PLOS Computational Biology | 2014
Lander Willem; Sean Stijven; Ekaterina Vladislavleva; Jan Broeckhove; Philippe Beutels; Niel Hens
Modeling plays a major role in policy making, especially for infectious disease interventions but such models can be complex and computationally intensive. A more systematic exploration is needed to gain a thorough systems understanding. We present an active learning approach based on machine learning techniques as iterative surrogate modeling and model-guided experimentation to systematically analyze both common and edge manifestations of complex model runs. Symbolic regression is used for nonlinear response surface modeling with automatic feature selection. First, we illustrate our approach using an individual-based model for influenza vaccination. After optimizing the parameter space, we observe an inverse relationship between vaccination coverage and cumulative attack rate reinforced by herd immunity.
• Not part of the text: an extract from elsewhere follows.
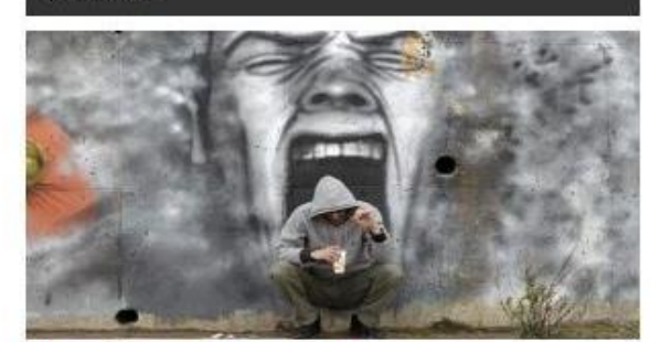
How Greece went bust

The long-running struggle between wayward Greece and the megalithic European Union is a relationship beset by blunders and serial brinkmanship. Special Report » | Factbox: Who Greece owes »

Second, we demonstrate the use of surrogate modeling techniques on input-response data from a deterministic dynamic model, which was designed to explore the cost-effectiveness of varicella-zoster virus vaccination. We use symbolic regression to handle high dimensionality and correlated inputs and to identify the most influential variables. Provided insight is used to focus research, reduce dimensionality and decrease decision uncertainty. We conclude that active learning is needed to fully understand complex systems behavior. Surrogate models can be readily explored at no computational expense, and can also be used as emulator to improve rapid policy making in various settings.